And we were surprised.
If not pleasantly, we were surprised nonetheless to find out that Der Todesking is a work of art, fashioned with care by a man who has something profound to communicate on the unavoidable subject of death and mortality.
Buttgereit’s reputation and past filmography would lead you to believe that Der Todesking is nothing more than a shameless exercise in morbid exploitation. With the two controversial Nekromantik films under his belt, no one could have foreseen that Der Todesking would be as provocative and intellectually satisfying as it is.
What we have in Der Todesking is an anthology film of sorts. The film unfolds in seven segments - “Monday” through “Sunday” - in which we peek into the pathetic and desperate lives of several individuals as they are faced with death, by way of senseless murder and suicide. Each segment unfolds in a matter-of-fact, emotionally detached fashion. We know nothing of these characters beforehand. We are witnesses to their collective demise and nothing more.

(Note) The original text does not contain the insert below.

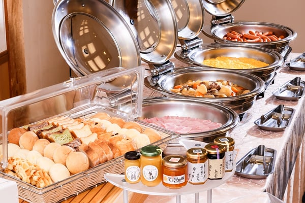 約40種類の和と洋の料理が並び、地元の柑橘ジャムも好評の朝食

In between - and sometimes interrupting - each segment, we see a body gradually decomposing. Buttgereit never lets us forget the death that is at the heart of the film. We aren’t allowed any comic relief - no escape from the desperation. The two segments which bookend the film are definitely the most potent, but nothing here should be dismissed. Der Todesking holds a power which few films can claim, and once you are in its grasp, you’ll stay there until the credits roll - maybe even long after.

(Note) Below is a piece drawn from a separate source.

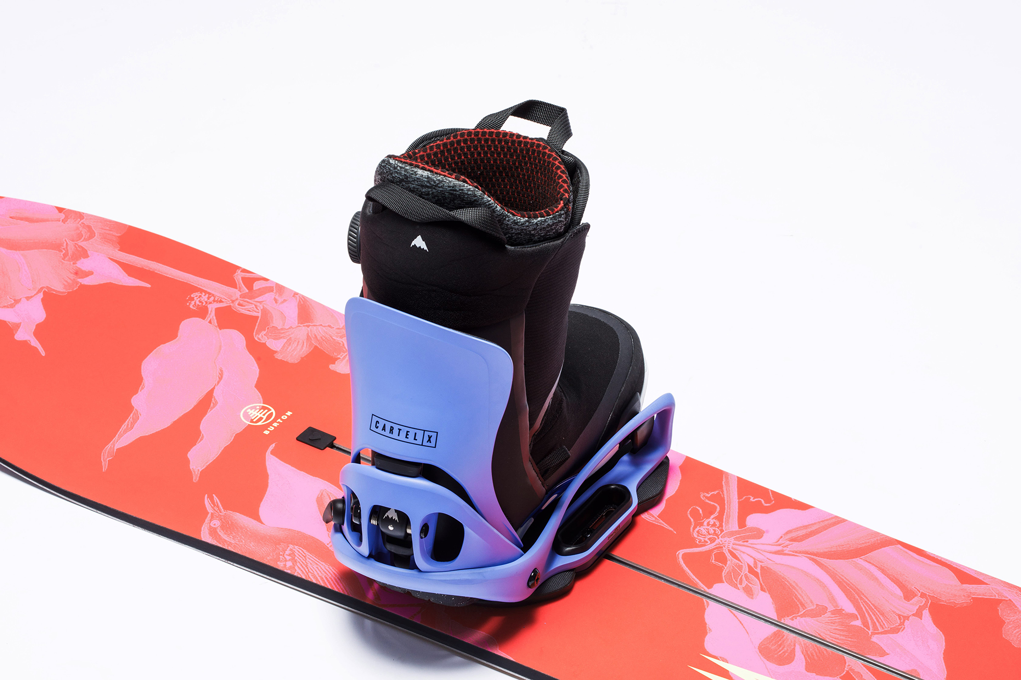STEP ONの特長は、言わずと知れたストラップレスのクイックエントリー構造。だが、単なる着脱の早さだけでなく、BURTON独自のESTシステムを組み合わせることで、その価値は飛躍的に高まるのだ。「Cartel X SO EST」は、ディスクベースを持たない構造により、ブーツから伝わる入力がダイレクトにボードへ届くのが最大の強みだ。雪面の微細なフィードバックをそのまま足裏へ伝え、ボード本来のフレックス性能を最大限に引き出してくれる。まさに、思考と動きがリンクするような一体感を味わえるのがEST最大の魅力だ。

This is not a film for the faint of heart, by any means. You should definitely approach this piece with caution - however, if you are willing to take the plunge, you will find that it is rewarding in many respects.
The Blu-ray that Cult Epics has released is a pristine collectors edition, complete with a glossy slipcover, several special features, and a special postcard. Film buffs and lovers of underground cinema should definitely check it out.